As a result of government directives, in 1988 nursing education moved from hospital-based programmes into the tertiary setting (Ryan-Nicholls, 2004). Instead of student nurses learning primarily within hospital settings, they now acquire knowledge in both tertiary education and clinical settings. Nursing students are placed with experienced registered nurses (preceptors) who provide supervision and instruction within the clinical environment (McLeland & Williams, 2002). Despite the frequency with which preceptors work with student nurses in New Zealand, there has been limited research here on preceptorship in the nursing context, especially in relation to hospitals outside of the main centres. This research therefore sought to answer the research question 'What is the experience of being a preceptor in a small provincial hospital in New Zealand?'
A Broad Perspective.
There is a significant body of international literature related to preceptorship. The most positive aspects of being a preceptor have been identified as assisting the student to develop personally and achieve professional goals within the placement, and being able to share and increase their own knowledge (Hyrkas & Shoemaker, 2007). Many preceptors believe it to be their professional duty to nurture and support nursing students (Mannix, Wilkes, & Luck, 2009).

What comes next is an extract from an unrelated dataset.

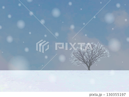 雪の降る真冬の夕暮れ時にひっそりと佇む美しい木のイメージイラスト
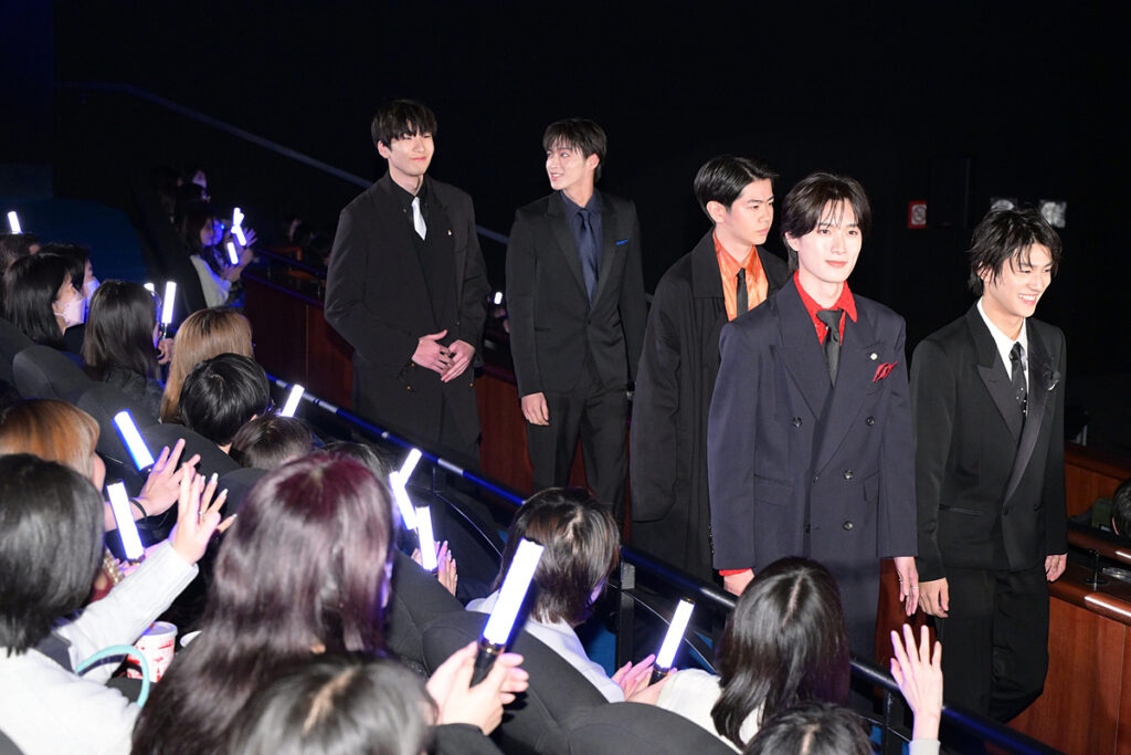 また、松本と荒木を挙げた秋谷から「怜生君が(染五郎を含む)6人の中では最年長で、普段は優しく面倒を見てくれるのですが、たまに強めのツッコミが飛んでくることもあってドキッとするんです。でも、そんな時に食い下がるのが最年少の(荒木)飛羽で……」と、二人の意外な素顔が明かされると、松本が「結局、“染ちゃん”(染五郎)が一番大人だったよね(笑)?」と一同を諭し、笑いを誘った。最後に染五郎にからは「黒崎君が舞台をやっていて、叔母の松たか子と親子役をやられているので観に行かせていただいたのですが、本作では不良な役だが舞台では純真な青年役をやられていて、役幅にびっくりしました」と俳優としても同世代として刺激し合う関係性を明かした。

Gassner, Wotton, Claire, Hofmeyer, and Buckman (1999), describe the need for "industry and academia" to have a collegial relationship which includes "cooperation, shared planning and decision making, shared power and non-hierarchical relationships" (p. 21) to best assist student learning in clinical placements. Mannix et al., (2009) agree and suggest that educators and preceptors work together to provide optimum experiences for students. Generally preceptors valued the support they received from the educational facility, colleagues and/or hospital (Henderson et al., 2010; Ohrling & Hallberg, 2001). Unfortunately not all preceptors felt supported in the role, citing a lack of availability and accessibility of clinical lecturers and lack of support from colleagues (Henderson, Fox, & Malko-Nyhan, 2006). Instances of preceptors not having sufficient time to spend with the students are frequently noted. Carlson, Pilhammar, and Wann-Hansson (2009) describe heavy workloads as one of the major factors that impact on preceptors' time to teach. These authors suggest that protected time must be given to preceptors and students to facilitate learning.
The importance of orientating to the preceptorship role was highlighted (Hallin & Danielson, 2009; Zilembo & Monterosso, 2008). While some preceptors felt adequately prepared for the role (Hallin & Danielson), others did not and perceived preceptorship as being thrust upon them, resulting in failed relationships and negative learning experiences for the student nurse (Andrews & Wallis, 1999). A well-developed orientation enhances preceptor knowledge of important factors such as student evaluation (Burns, Beauchesne, Ryan Krause, & Sawin, 2006), and managing the emotional stress associated with the preceptorship role (Hrobsky & Kersbergen, 2002; Mamchur & Myrick, 2003).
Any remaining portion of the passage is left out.